In Riverside County, penalties for drug possession vary based on the specific circumstances of each individual arrest. In general, they can range from "diversion" (i.e. drug counseling program) and/or rehab to probation and jail.

Defenses against the charge of drug possession.

There are a number of legal defenses against a "possession charge". One is that the police found the drugs through unlawful search and seizure, thus violating the defendant's 4th Amendment rights. An example might be if the police officer found the drugs in the trunk of a car that had been pulled over at a traffic stop without having probable cause for conducting a search.

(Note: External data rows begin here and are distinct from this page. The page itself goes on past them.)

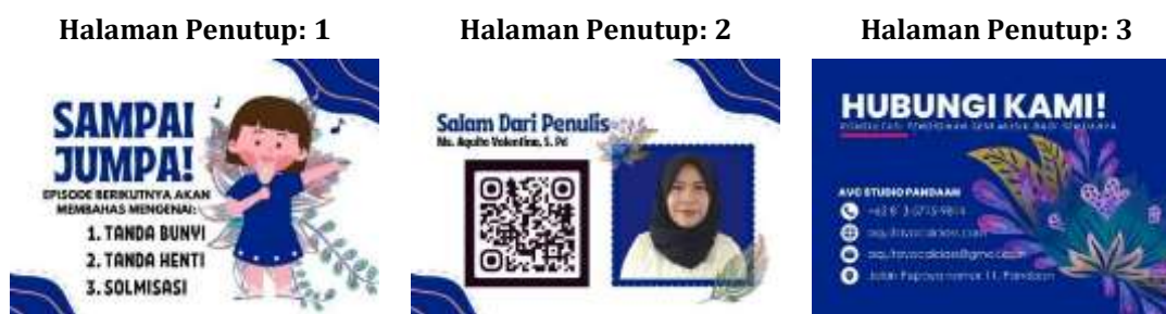
Gambar 17, 18, dan 19. Halaman Penutup 1-2 dalam Buku "Pitch & Aku"

Pada halaman penutup, pembaca akan mendapatkan cuplikan singkat mengenai topik yang akan dipelajari di buku episode 2, ucapan salam penutup dari penulis berupa audio yang bisa diakses secara real-time melalui QR code, dan juga tertera nomor handphone tim penyusun yang bisa dihubungi untuk mengakomodir layanan penerimaan saran, masukan, kendala ketika menggunakan buku.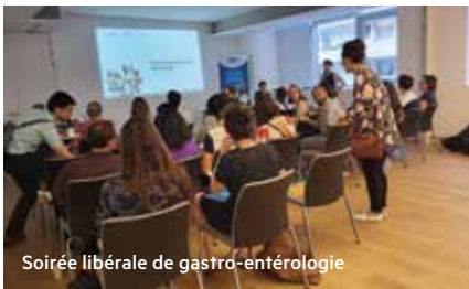
Soirée libérale de gastro-entérologie

Plusieurs fois par an, dans nos locaux ou en visio, l'URPS médecins organise des soirées de rencontres par spécialité entre internes, chefs de clinique, remplaçants et médecins installés, grâce à son partenariat avec le Syndicat des internes des hôpitaux de Paris (SIHP).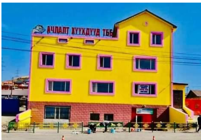
СХД-ийн 28-р хороо ТББ-ын байр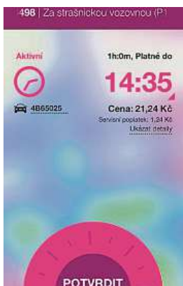
Náhled nové aplikace Easy Park EASYPARKPARTNERS.COM

FILIP JAROŠEVSKÝ filip.jarosevsky@metro.cz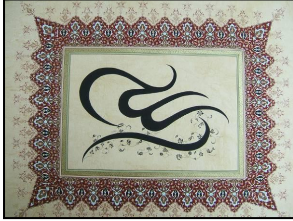
Resim 8: Tezhip çalışması

değerlendirilebilir. Esas desene “erkek oyma”, oyulmuş iç kısımlara ise “dişi oyma” denir. Bu sanat filigre, silüet sanatı, dekopaj, kâğıt fligre, kâğıt kesme, silüet kesme, efşan diye adlandırılmaktadır (Özcan, 2007: 194). Katı’, zaman içerisinde “kaatı”, “katıg”, “katıa”, “kağıt”, “katıacı”, isimlerini alarak kullanılmıştır (Özönder, 2003: 105).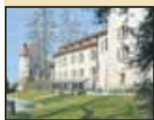
Moulinart? Non, Villars-les-Moines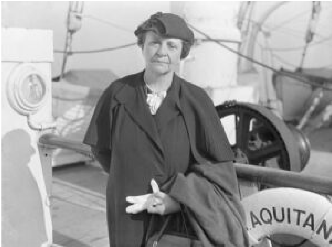
Frances Perkins.

Quando criança, perguntava-se por que razão pessoas boas viviam na miséria. O pai respondia: “Porque são preguiçosas, porque são fracas.” Mesmo menina, Frances sabia que aquilo não correspondia à verdade.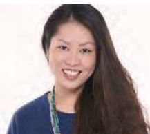
ゴスペルクワイヤ 「Viva&Y's Choir」

【開催日】ゴスペルクワイヤ5月16日(土) カントリーミュージック5月30日(土) 【公演時間】18:00~19:00 【開催場所】ノーザンテラスダイナー トウキョウ 1Fカフェ&テラス席 【参加料金】ミュージックチャージ無料/ドリンク有料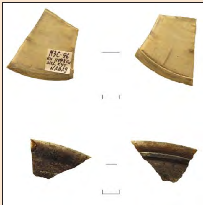
Іл. 4. Фрагменти віконниць.

імовірно, частина віконниці або вітражу [5, с. 201]. Загалом знайдено 5 екземплярів, які походять з об'єктів XII та кінця XII – середини XIII ст. Виготовлення віконниць відбувалося кількома способами: шляхом швидкого обертання відкритого конусу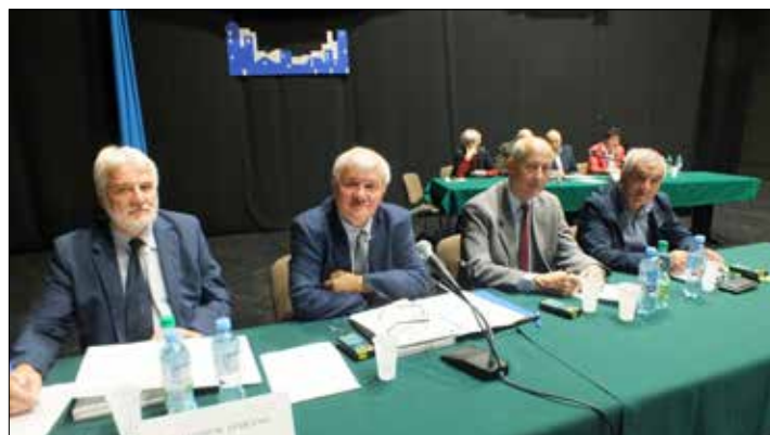
Prezydium Walnego Zgromadzenia KSM w pierwszym dniu (z lewej) i w drugim dniu obrad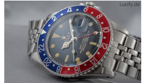
Rolex GMT-Master aus dem Jahr 1965

zu nehmen und diese den Experten vorzulegen. Beispielsweise kann eine alte Rolex GMT Master, aus den 70er Jahren bis zu 9.000 Euro erzielen. Selbst Bernstein genießt aufgrund hoher Nachfrage im fernen Osten seinen persönlichen Höhenflug. Oft sogar als „langweilig“ oder aus der Mode gekommen“ abgestempelt, könnte sich jetzt Bernsteinschmuck als große finanzielle Überraschung entpuppen. Für besonders schöne Honigbernsteinketten, im Idealfall in Oliven- oder Kugelform, kann man mit ein paar Hundert, bis zu mehreren Tausend Euro rechnen. Aufgrund der stark wachsenden Nachfrage aus dem Ausland hat sich der Preis für besonders schöne Schmuckstücke in den letzten 7 Jahren verzehnfacht. Daher lohnt es sich durchaus auch hier nachzuschauen, ob sich nicht eventuell noch etwas als Schatz entpuppt.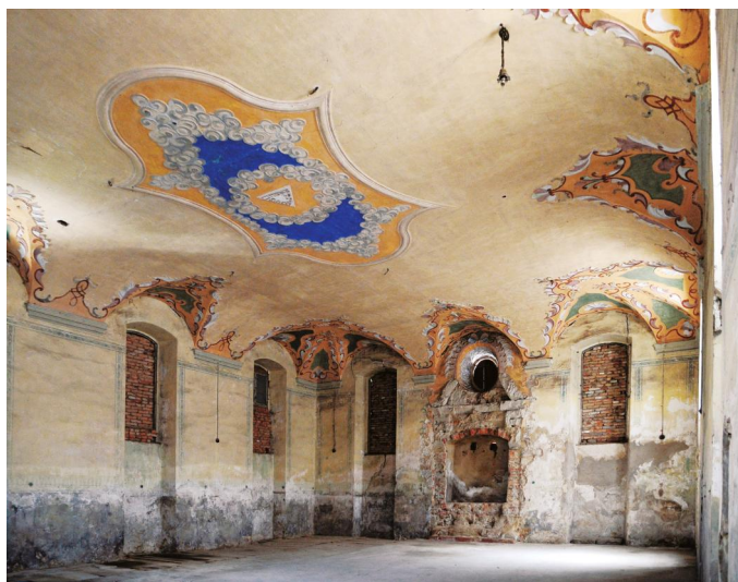
Der Innenraum der ehemaligen Synagoge Mühlhausen, 2017.

Eine erste Synagoge muss bereits in der zweiten Hälfte des 17. Jahrhunderts im Ort gestanden haben. Über Standort und Aussehen ist nichts bekannt. Im Jahr 1686 war diese erste Synagoge baufällig und „nicht mehr anständig“. Die Gemeinde pachtete ein Grundstück im Schlossgarten (heute Schlossweg 5) und errichtete einen Neubau. Da aber auch dieses neue Gotteshaus bis zur Mitte des 18. Jahrhunderts nicht mehr ausreichte, erwarb die Kultusgemeinde das Anwesen und schloß am 17. September 1755 einen detaillierten "Bau-Contract" mit Maurermeister Johann Scheuber aus Höchststädt, der nach dem Vorbild von Baiersdorf eine größere Synagoge errichten sollte. Scheuber stellte das zweigeschossige Bauwerk wohl bis Anfang 1757 weitgehend fertig, ab Juni konnte es benutzt werden.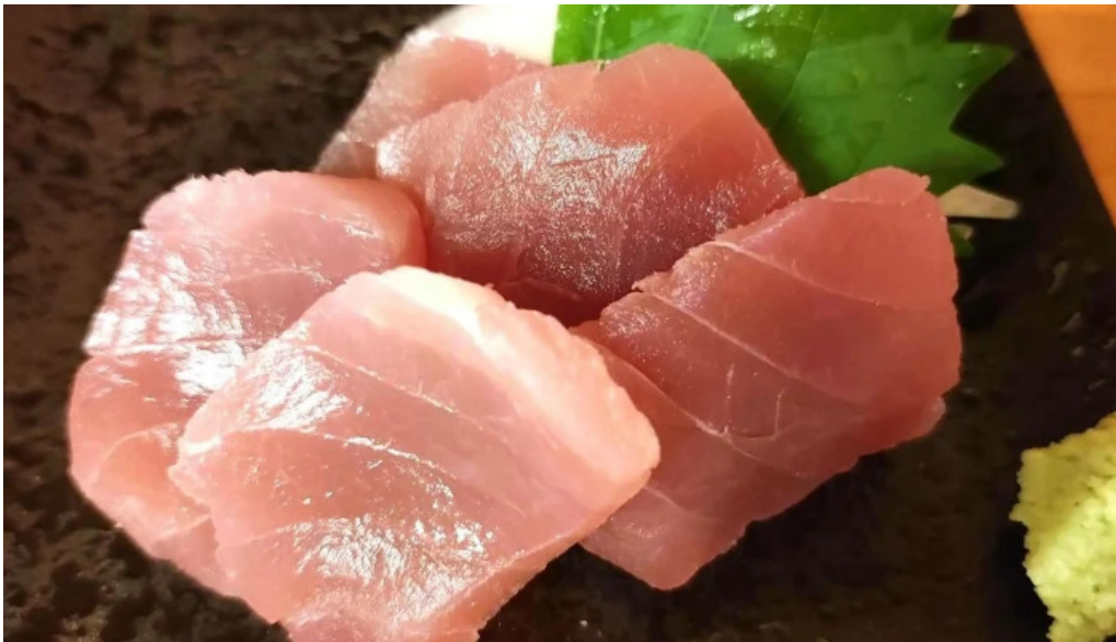
宴屋 じんべい 枚方本店 電話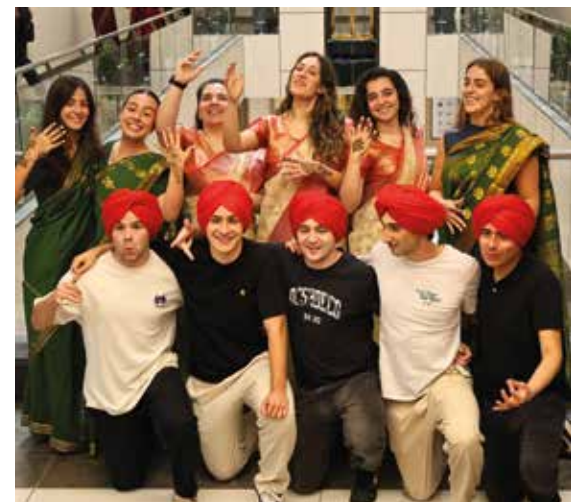
myGADEko ikasleak Indian.

NAZIOARTEKOTZEA MONDRAGON UNIBERTSITATEKO ENPRESAGINTZA FAKULTATEKO ENPRESA DUALEN ADMINISTRAZIO ETA ZUZENDARITZAKO GRADUAREN (MYGADE) ZUTABEETAKO BAT DA.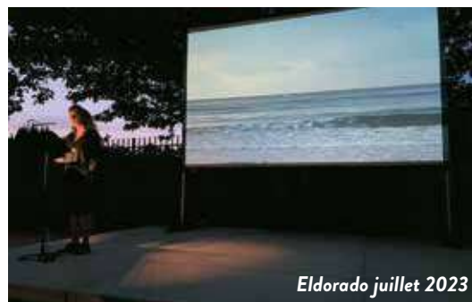
Eldorado juillet 2023

Another is establishing that the drugs belonged to someone else, say to someone else living in the house or riding in the car where it was found. An example would be attending a party at someone's house when the police raids it and drugs are found in a common area. No one cooperates with the police or accepts responsibility for the drugs, so the police arrests all who are present.

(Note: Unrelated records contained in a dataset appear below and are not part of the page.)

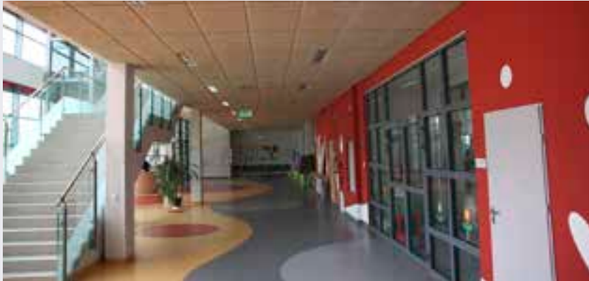
Budowa Szkoły Podstawowej w Zalasewie.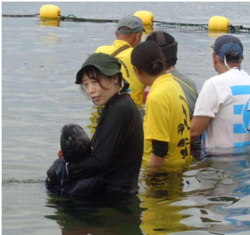
腰ぐらいの深さまで海に入り、イルカが来るのを待ちます。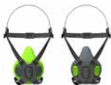
Halbmasken BLS 4000 S - BLS 4000R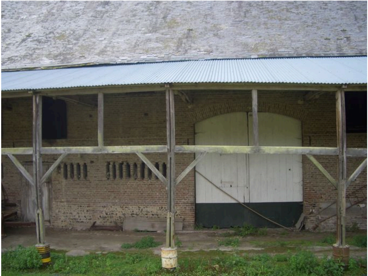
Vue postérieure d'une des travées.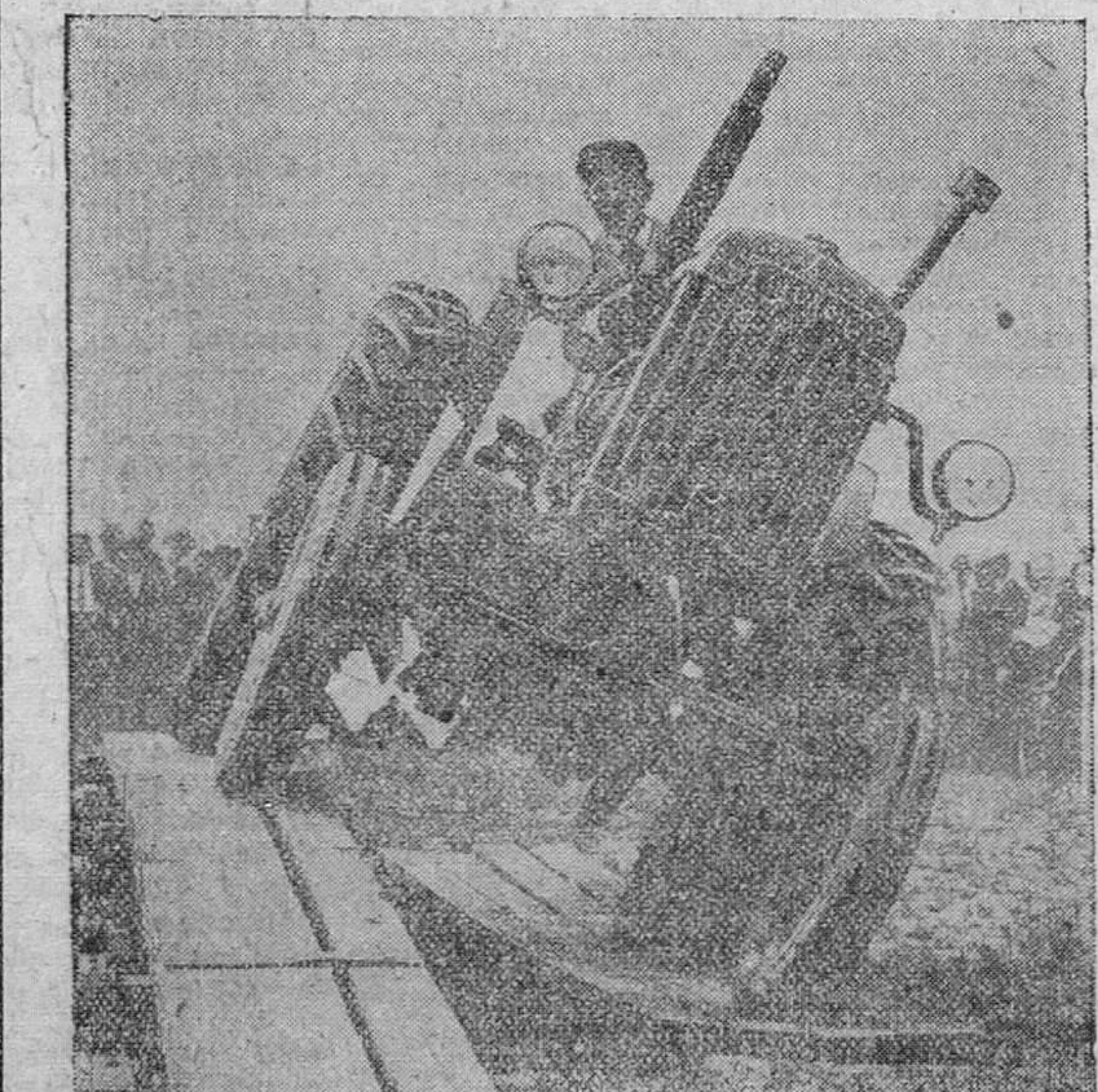
En una granja agrícola inglesa se realizan pruebas satisfactorias de este nuevo modelo de tractor, adaptable a todos los terrenos y de una gran capacidad de fuerza. Aquí vemos al vehículo salvando, sin el menor accidente, un declive artificial durante las pruebas.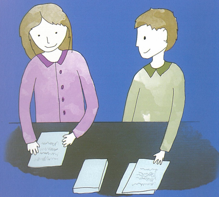
Уважение развивающихся способностей детей-инвалидов и уважение права детей-инвалидов сохранять свою индивидуальность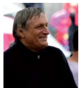
● Don Ciotti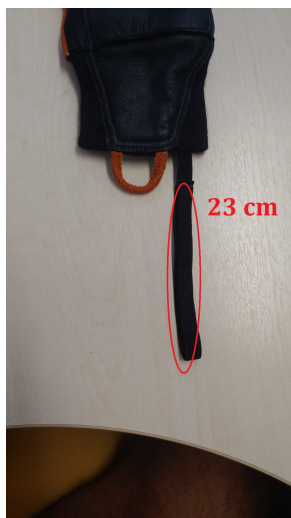
Fig. 4 - Tamanho da argola de elastano

Na parte interna da luva, costurada ao couro da luva, deverá possuir uma tira em elastano com uma argola de 23 cm de diâmetro, permitindo-se uma variação de 10%, que deverá ficar em sua totalidade externa ao punho da luva, que servirá como dispositivo anti-queda.

Still another is a claim of entrapment, which occurs when an individual is induced by the police to commit a crime that he or she would not otherwise commit. An example happened recently at a local Temecula high school where an undercover officer posed as a "student" and befriended a developmentally disabled sophomore. The undercover officer then hounded the sophomore to obtain marijuana and sell it to the undercover officer. The sophomore was neither a user nor a seller of marijuana and had no other friends other than the "student". After numerous voicemails and text messages, the sophomore sold his "friend" some marijuana and was later arrested.

If you or a loved one are facing criminal charges for possession of a control substance, call us! We can help. Our office represents individuals who were arrested in Temecula, Murrieta, Hemet, Wildomar, Menifee, Perris, Banning, Lake Elsinore, Corona or Riverside.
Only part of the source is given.